Begonia (Begonia spp.) is an annual flowering plant when grown in cooler climates, but are perennial plants in their native moist tropical and subtropical climates.
There are hundreds of varieties whose flower colors range from red, pink and white. There are many varieties with large attractive variegated leaves.
Some varieties are only grown as annuals and discarded at the end of the season. Others are known as tuberous begonias and are hardy in USDA zones 8 to 10. In colder areas they need to be lifted out of the ground at the end of the season, with the tuber stored over the winter.
They bloom from late spring to fall and have a typical height of 10 to 12-inches.
Follow the seed packet instructions. Annual variety seeds can be started indoors 8 to 12-weeks before your last expected frost date.
The begonia seeds are very small and need light for germination. The seeds should be lightly pressed into the surface and may take up to 3-weeks to germinate.
For more detailed information visit the seed starting page.
Plant in full sun to part sun in a nice loose well-drained garden soil and they will do best in a slightly acid soil with a pH range of 6.0 to 7.0. In very warm climates they will do better in an area that gets some part shade.
Annual varieties should be planted in the late spring 1 or 2-weeks after the last expected frost.
Plant begonia according to the plant tag 8 to 12-inches apart or in groups of 3 or 5 behind other shorter plants. In general you can plant the dwarf varieties 8-inches apart and taller varieties 12-inches apart.

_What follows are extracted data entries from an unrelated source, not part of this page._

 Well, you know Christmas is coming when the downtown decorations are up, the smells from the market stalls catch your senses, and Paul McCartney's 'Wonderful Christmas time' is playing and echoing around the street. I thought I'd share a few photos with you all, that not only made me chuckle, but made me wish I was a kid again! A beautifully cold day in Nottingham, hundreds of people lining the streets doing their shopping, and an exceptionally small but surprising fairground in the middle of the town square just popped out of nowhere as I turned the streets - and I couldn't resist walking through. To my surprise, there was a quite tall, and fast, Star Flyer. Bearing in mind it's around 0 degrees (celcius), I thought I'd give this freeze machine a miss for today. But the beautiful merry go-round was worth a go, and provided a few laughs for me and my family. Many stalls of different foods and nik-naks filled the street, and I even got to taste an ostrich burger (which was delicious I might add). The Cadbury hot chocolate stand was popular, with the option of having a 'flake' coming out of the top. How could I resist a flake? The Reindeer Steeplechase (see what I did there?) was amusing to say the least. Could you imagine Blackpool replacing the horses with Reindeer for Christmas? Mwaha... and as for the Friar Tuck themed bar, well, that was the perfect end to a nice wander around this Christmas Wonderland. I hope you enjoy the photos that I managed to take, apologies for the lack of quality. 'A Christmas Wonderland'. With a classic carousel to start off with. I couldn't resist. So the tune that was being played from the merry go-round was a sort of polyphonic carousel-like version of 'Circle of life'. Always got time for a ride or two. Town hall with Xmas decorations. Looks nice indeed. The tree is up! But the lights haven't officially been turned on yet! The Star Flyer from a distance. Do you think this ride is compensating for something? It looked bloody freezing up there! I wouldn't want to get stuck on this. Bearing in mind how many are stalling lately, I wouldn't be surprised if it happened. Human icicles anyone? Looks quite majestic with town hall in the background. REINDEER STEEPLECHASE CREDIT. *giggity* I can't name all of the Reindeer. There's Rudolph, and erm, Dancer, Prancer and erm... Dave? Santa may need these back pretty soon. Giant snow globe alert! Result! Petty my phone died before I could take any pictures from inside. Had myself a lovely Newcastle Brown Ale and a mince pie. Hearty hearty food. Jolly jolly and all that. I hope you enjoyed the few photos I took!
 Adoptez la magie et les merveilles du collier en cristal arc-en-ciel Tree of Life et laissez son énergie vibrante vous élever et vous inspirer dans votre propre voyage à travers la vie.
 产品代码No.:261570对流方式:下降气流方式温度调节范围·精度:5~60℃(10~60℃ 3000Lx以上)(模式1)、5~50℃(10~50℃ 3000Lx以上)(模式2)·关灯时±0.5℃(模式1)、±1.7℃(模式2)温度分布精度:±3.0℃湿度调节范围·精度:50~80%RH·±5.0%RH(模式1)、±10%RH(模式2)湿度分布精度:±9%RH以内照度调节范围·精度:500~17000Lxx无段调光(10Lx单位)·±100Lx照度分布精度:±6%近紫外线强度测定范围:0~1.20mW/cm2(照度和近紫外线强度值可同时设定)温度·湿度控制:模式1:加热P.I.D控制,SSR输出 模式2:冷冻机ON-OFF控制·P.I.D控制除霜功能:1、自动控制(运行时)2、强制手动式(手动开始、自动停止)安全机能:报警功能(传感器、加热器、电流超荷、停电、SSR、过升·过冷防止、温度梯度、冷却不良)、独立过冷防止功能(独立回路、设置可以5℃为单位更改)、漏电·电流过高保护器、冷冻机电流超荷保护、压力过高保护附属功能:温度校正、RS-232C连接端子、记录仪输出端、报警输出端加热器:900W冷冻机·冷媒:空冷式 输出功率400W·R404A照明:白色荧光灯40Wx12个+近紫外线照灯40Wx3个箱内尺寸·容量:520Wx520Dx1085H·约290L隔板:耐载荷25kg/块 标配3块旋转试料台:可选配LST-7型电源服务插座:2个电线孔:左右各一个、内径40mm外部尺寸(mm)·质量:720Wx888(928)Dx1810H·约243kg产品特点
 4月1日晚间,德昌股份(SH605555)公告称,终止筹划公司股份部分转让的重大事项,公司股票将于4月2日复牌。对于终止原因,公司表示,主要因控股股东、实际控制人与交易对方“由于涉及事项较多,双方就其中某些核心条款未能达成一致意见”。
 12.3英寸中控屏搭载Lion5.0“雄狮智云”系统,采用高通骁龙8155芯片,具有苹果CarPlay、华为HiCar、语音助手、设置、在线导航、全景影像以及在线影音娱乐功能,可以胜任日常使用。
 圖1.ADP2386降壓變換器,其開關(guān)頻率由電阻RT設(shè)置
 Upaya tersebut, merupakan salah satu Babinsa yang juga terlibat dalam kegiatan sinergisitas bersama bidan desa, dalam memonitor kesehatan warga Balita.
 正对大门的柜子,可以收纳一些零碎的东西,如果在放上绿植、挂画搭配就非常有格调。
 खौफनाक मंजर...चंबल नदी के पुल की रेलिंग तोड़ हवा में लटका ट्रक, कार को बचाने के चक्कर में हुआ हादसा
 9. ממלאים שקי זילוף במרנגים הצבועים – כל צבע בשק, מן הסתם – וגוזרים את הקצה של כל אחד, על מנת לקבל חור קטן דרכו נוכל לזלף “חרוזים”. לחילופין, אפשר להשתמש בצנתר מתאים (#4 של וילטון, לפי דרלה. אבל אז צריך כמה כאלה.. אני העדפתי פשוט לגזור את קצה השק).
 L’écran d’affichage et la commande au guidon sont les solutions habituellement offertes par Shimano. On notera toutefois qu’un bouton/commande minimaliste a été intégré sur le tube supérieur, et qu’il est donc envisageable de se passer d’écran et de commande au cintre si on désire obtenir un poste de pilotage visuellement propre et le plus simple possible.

Dig a hole as deep as the pot and twice as wide. To the soil you just removed add the same amount of good garden soil so you have a nice blend of new and native soil.
Take the plant out of the pot and gently loosen the root ball pulling away any roots that have grown in a circle around the pot.
Place the root ball in the hole with the growing crown even with or an inch higher than the surrounding soil. Gently spread out the roots and back fill the hole around the root ball leaving a shallow depression around your plant. Fill the depression with water to settle the soil around the roots adding more soil if necessary and water again. Water daily tapering off as the roots grow and get established.
Plant begonia in the spring after all danger of frost has passed. Very large tubers can be divided in the same way as dividing potatoes.
Prepare your tubers a day or two before planting. Carefully look at the tuber and cut the tuber so that each section has at least one or more growing points or eyes on each. It is important to let the cut surface dry and heal over. After cutting, place the cut pieces in a single layer and let them air dry for 1 or 2-days to let them scab over. If you have problems with fungal diseases, dust the tubers with powdered sulfur to help prevent rotting.
When purchased by the bag full from a garden center it may not be readily apparent which way to plant them. One side will be rounded, which is the bottom where the roots will come from. The top portion may look flat or depressed, which is where the growth will come from.
The tuberous varieties should be planted with the tuber 1 or 2-inchs below the soil surface. Water them in and then daily, tapering off as the roots grow and get established.
A large mass planting makes an impressive floral display.
Begonias are low maintenance and easy to care for. All you need to do is add a layer of mulch to help retain moisture and keep out competing weeds. Keep the mulch a few inches away from the stem.
They should get an inch of water each week and during dry spells give them some water to keep the soil moist. They usually do not need any fertilizer, but a light side dressing of organic fertilizer can be placed around the plant in the spring.
To encourage more flowers pinch off the old spent blooms.
In the late fall as the foliage yellows or just after the first frost kills off the foliage of the tuberous varieties the tops can be broken off. They should be lifted out of the ground before a hard freeze hits. Put the tubers aside in a dry place to dry out. Break off any stems and roots and shake off any remaining soil. To prevent any fungus problems you can sprinkle some dusting sulfur on the tubers.
Wrap each dry tuber in newspaper and store in a cardboard box or paper bag in a cool dry location.
Bacterial leaf spot (Xanthomonas campestris), is usually caused by excessive humidity and high temperatures. Remove affected leaves with leaf spots as well as any dead leaves.
Botrytis blight (Botrytis cinerea), causes the stems to rot and the lower leaves turn yellow and fall off. The entire plant may appear wilted and collapse. It is difficult to treat and the plant should be tossed out. If it is a variety you want to keep try propagating with a leaf cutting.
Powdery mildew fungus (Erysiphe cichoracearum) causes white spots to form on the upper and lower leaf surfaces. Poor air circulation and humid conditions in shady locations increase the occurrence of powdery mildew. When it occurs remove infected leaves and flowers. If the plants are crowded, remove the entire plant to increase air circulation between the remaining plants.
Always toss all infected plants in the trash, not the compost pile.
The Boliviensis, Reiger, Tuberous and Wax varieties are the most common annuals found in garden centers. The Rex varieties are easy to care for houseplants that have beautiful variegated leaves in shades of bronze, purple, pink, red and silver.